I had to wait until I was 11, and then I took a summer job. An American man came to Israel and started a pizza parlor, but the American Italian style, the round pizzas. So he taught me how to throw the pizza in the air, and it was in an open space, and everybody came to watch the kid who was throwing the pizza in the air. I realized that performing and food are very similar and you just have to have a gimmick.

TCC: Do you still have a good toss?

RBI: I haven’t done it in years, but I’m sure I can try. So people ask me often did you ever drop a cake, it’s relating to the toss, and I did not drop a cake and we never really do. I’m very particular and I always say, here’s what can go wrong let’s avoid it. And that’s a good way, it’s a fanatical obsessive way, but it works in pastry.
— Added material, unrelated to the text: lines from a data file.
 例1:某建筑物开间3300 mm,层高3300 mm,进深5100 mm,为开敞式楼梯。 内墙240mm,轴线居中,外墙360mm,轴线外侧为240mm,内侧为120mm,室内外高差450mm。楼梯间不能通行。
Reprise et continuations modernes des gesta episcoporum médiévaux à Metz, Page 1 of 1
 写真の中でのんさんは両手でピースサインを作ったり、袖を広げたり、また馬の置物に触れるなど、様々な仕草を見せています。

You know that something will defrost so you look at that, but what I do do, I used to get angry and throw pieces of cake at my employees and always missed because they would duck, so then I would have to clean the mess. That was in the beginning when there were a lot of mistakes and I was fast with it, so I had to set up systems for myself and I took a lot from my mom actually, even though she didn’t make those elaborate cakes. She would make Viennese strudel, like an apple strudel. But I remember the way she made schnitzel. She would have three matching bowls, they had to be the same, one had the eggs, one had the flour and one had the breadcrumbs and she would go from left to right, and she would work like this so you never get the crumbs into the wrong bowl, and there was a nice hand movement.
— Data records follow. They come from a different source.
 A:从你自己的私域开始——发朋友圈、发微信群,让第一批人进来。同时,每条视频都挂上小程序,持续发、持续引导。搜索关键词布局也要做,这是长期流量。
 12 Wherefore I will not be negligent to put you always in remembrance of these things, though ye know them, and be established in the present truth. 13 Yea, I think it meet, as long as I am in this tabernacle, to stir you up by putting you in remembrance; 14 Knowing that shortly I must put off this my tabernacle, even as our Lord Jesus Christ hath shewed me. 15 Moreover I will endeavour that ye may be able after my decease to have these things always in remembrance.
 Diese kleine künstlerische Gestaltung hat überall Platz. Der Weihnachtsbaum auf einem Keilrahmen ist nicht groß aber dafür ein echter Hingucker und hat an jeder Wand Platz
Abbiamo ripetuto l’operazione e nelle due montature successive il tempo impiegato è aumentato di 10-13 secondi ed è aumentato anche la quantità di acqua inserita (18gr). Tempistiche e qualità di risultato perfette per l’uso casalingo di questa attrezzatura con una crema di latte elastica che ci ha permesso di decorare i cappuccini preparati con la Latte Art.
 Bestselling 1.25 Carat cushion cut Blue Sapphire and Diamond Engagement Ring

Same thing with crafts and arts, and when I get to make sugar flowers or ice a cake I use very similar analysis of movement. And by the way, the guy who taught me finally how to ice cake with buttercream used to be a gym teacher and so he had a similar path like me. Then he switched careers, so he would teach us how to ice cakes in a very physical way. Not like I want the goal to be like that, but how are your shoulders raised, are they tense? So I use that to analyze my work with my students. My students become employees. I stopped throwing cakes at them and we just kept developing the techniques together, so there’s always improvement, there’s always new things to discover.

In the last year or two we started doing watercoloring with food dyes on the cakes. So I use the same mix and the same brush as I used to use on canvases but now on the cake, but you cannot use water on the cake because it will melt the fondant so we have to use very high proof alcohol that evaporates immediately, so adjustments like this.
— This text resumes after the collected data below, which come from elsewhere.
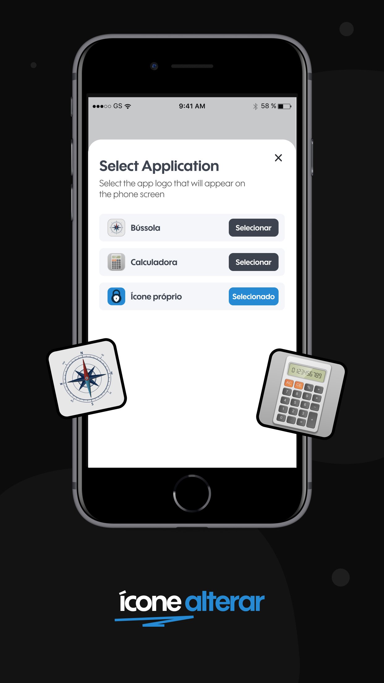 Disfarce o aplicativo como qualquer outro alterando o ícone original do aplicativo. Confunda os bisbilhoteiros para evitar que este aplicativo seja encontrado por outras pessoas.
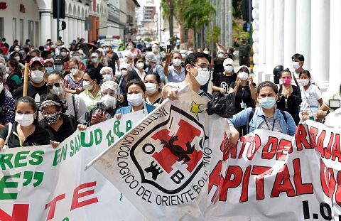 Los médicos y trabajadores del sector salud de Santa Cruz cumplieron este martes un paro de 24 horas a nivel departamental para exigir que las autoridades declaren una cuarentena rígida para contener la propagación del coronavirus. Los dirigentes del sector manifestaron haber agotado todas las instancias de dialogo tras haber dado los plazos pertinentes a las autoridades municipales y departamentales, para que sus demandas sean atendidas. Por otro lado, las Emergencias, así como los responsables de tomar las muestras para el Covid-19, trabajaron normalmente.
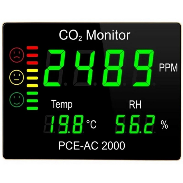 Thermometer as a large display / with bar graph / maintenance-free CO2 sensor / additionally with CO2 and humidity display / measuring range up to 9999 ppm for e.g. training rooms, public facilities
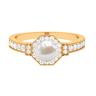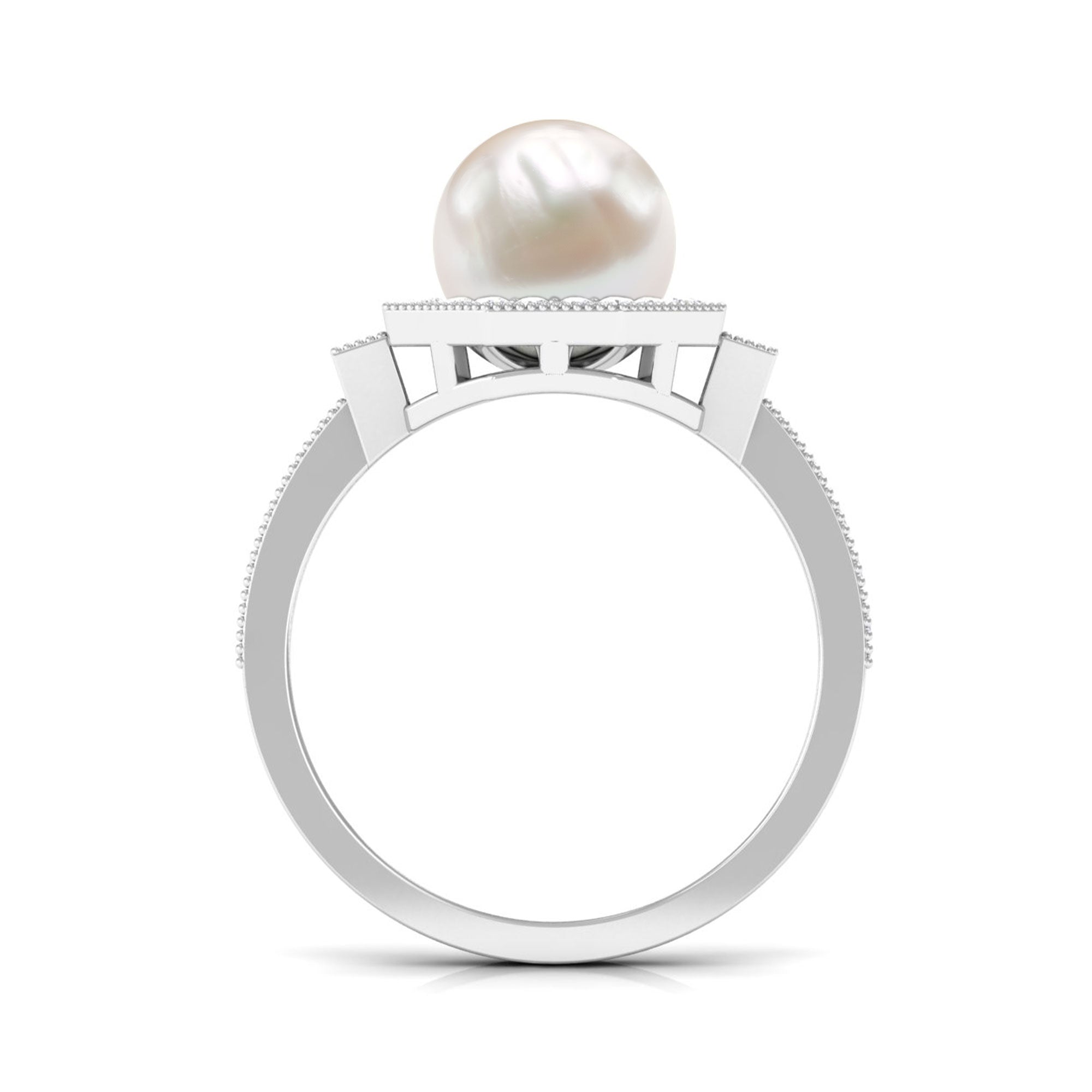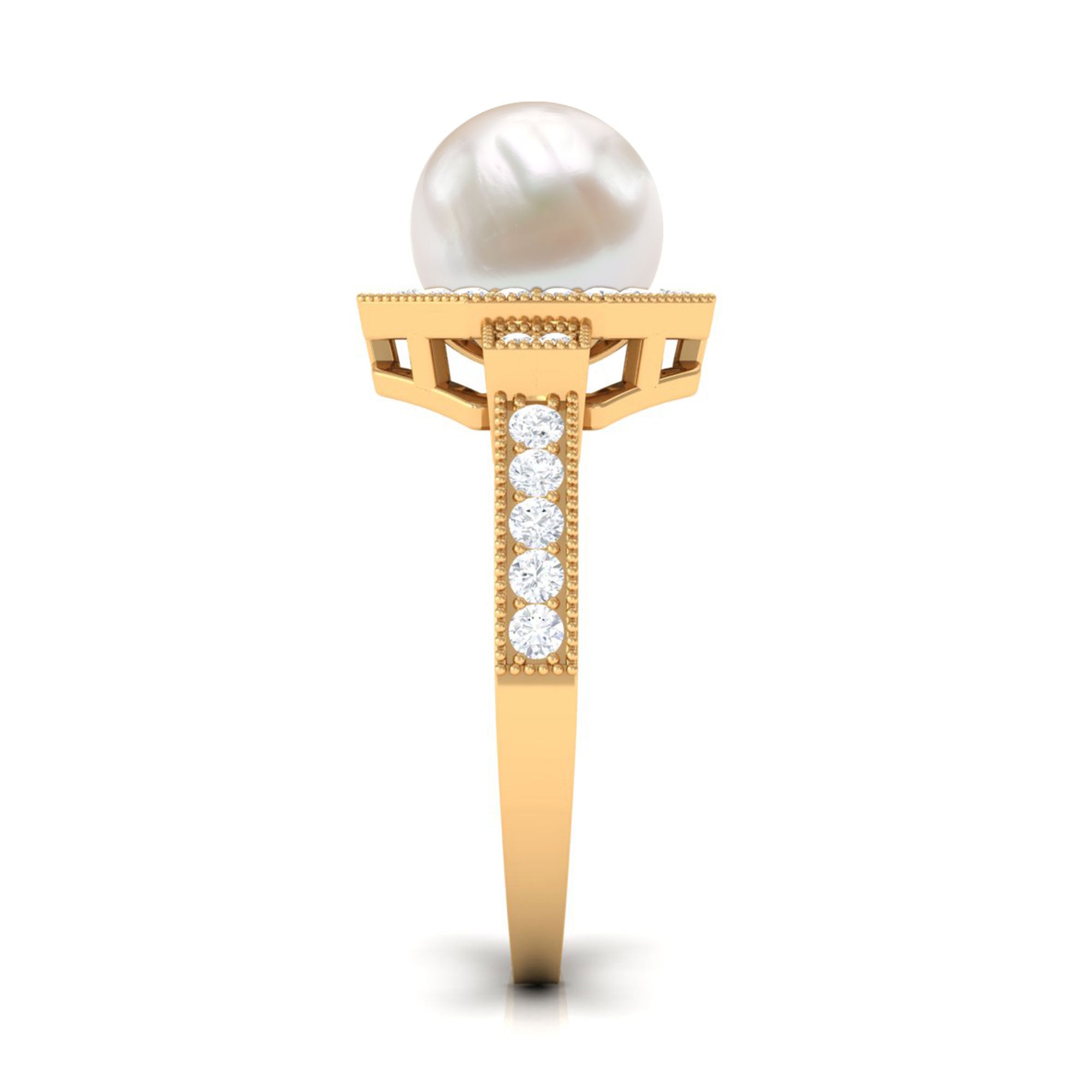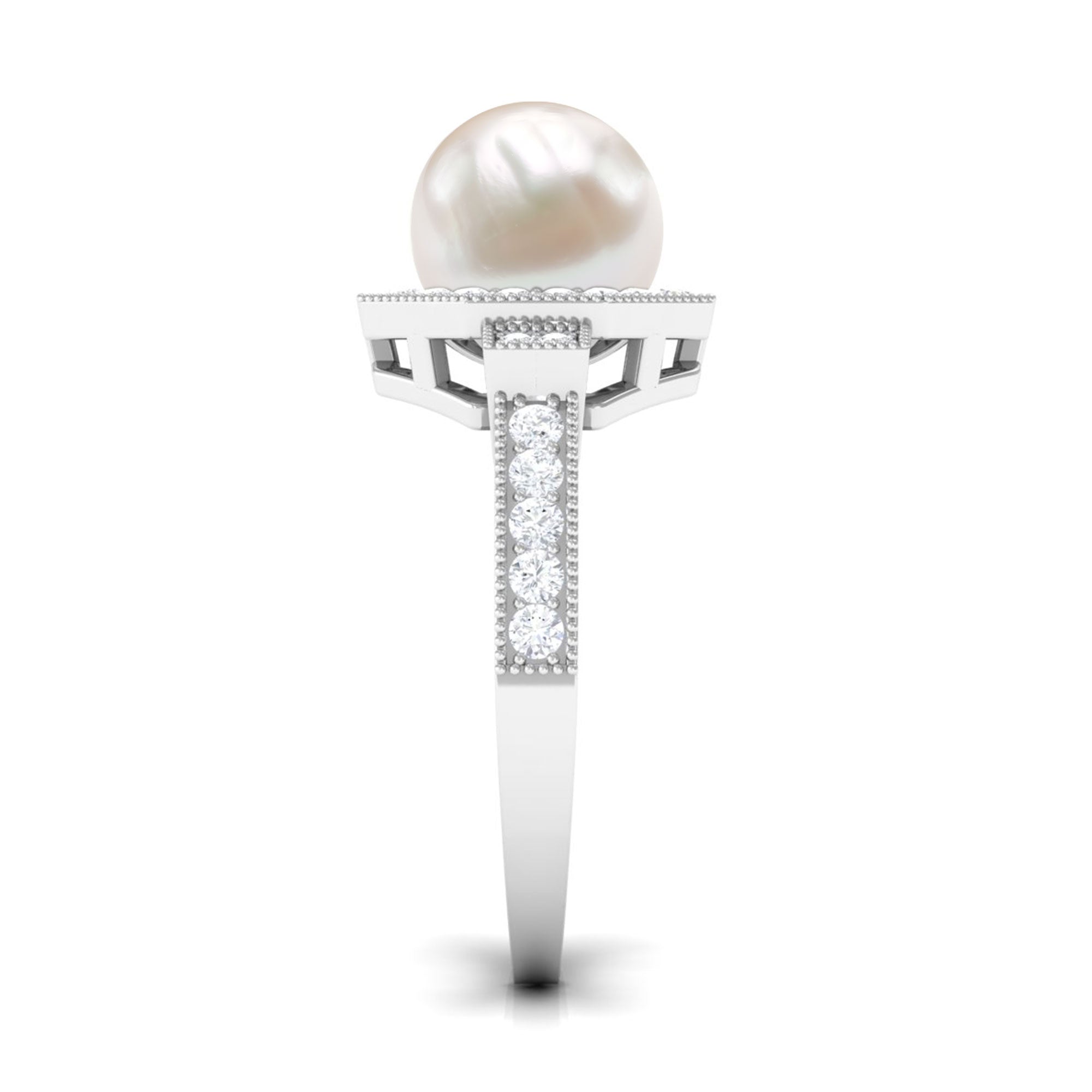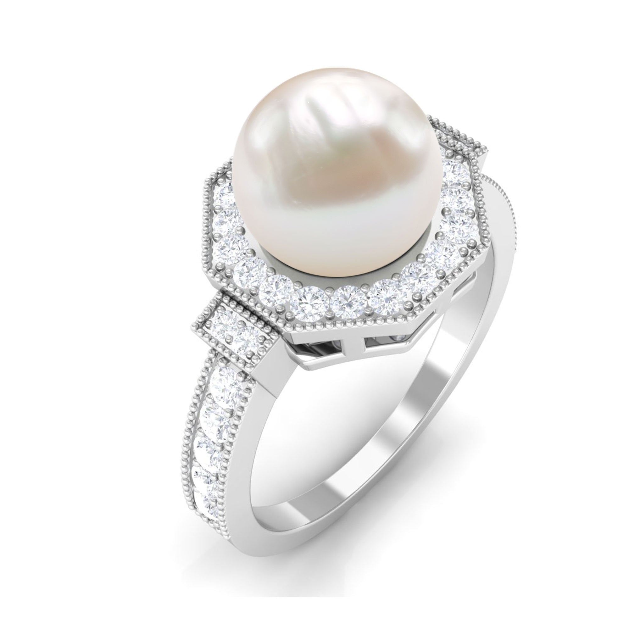 3 CT Freshwater Pearl Antique Beaded Ring with Diamond Halo

TCC: When you were a kid what did you want to be?

RBI: A trapeze artist. 

TCC: Have you done that ever?

RBI: No. I wanted to be so many different things. The reason I was interested in arts was I wanted to do sets and costumes for theater, but I also wanted to perform. I always danced and did folk dancing, modern dance things like that. I needed to be doing something, something physical not just cerebral.

TCC: What’s your favorite thing about being in this industry?

RBI: It’s a funny place because I get to work obsessively, I get to plan, I get to have orders in advance which makes me feel wanted because there’s something about the retail bakery industry which is very difficult. You have to make a stock, make all those pastries and open the doors and wait for people to come. Making custom cakes, people come to me a year in advance. So it makes me feel wanted, of course they have to come in, and then I have a goal and I have a deadline. Having a deadline is really good because then I will figure out how to do it. If I didn’t have a deadline I would not be doing it.

And then it’s getting attention, which is always very important, I’m not going to pretend. We are very lucky to be in a time that pastry chefs started taking the right place in the industry and now cake makers are getting that. Social media is wonderful for that, Food Network. And I also get to make people really satisfied. I’m like their drug dealer for sweets, so it’s very satisfying all around and people, I get to be part of their special days, their special celebrations.

TCC: Did you have an aha moment?

RBI: Absolutely not. It’s just following different things and whenever, you know I tried many different things that didn’t work, not in the food industry but ventures and all that, and you fall, you get up, you brush yourself off and continue. You know I got a lot of rejection, I can’t say that there was one thing. My teachers were wonderful, and I immediately befriended colleagues and students who took the same classes with me and we formed friendships and also associations.

For the longest time we had a group called Baker’s Dozen East, east because there was Baker’s Dozen in San Francisco. We would organize, we would bring experts for lectures, I started doing competitions but serious ones, not televised, but the ones that have a jury. French based so you have a jury and they give you points and they tell you how you can improve yourself. I loved it. And now I get to judge once in a while, which is a big honor. So you just continue doing things, and then I followed hopefully what would work, but there was a big resistance in the industry. When I started people were not necessarily kind 

TCC: What’s the best advice you’ve ever gotten?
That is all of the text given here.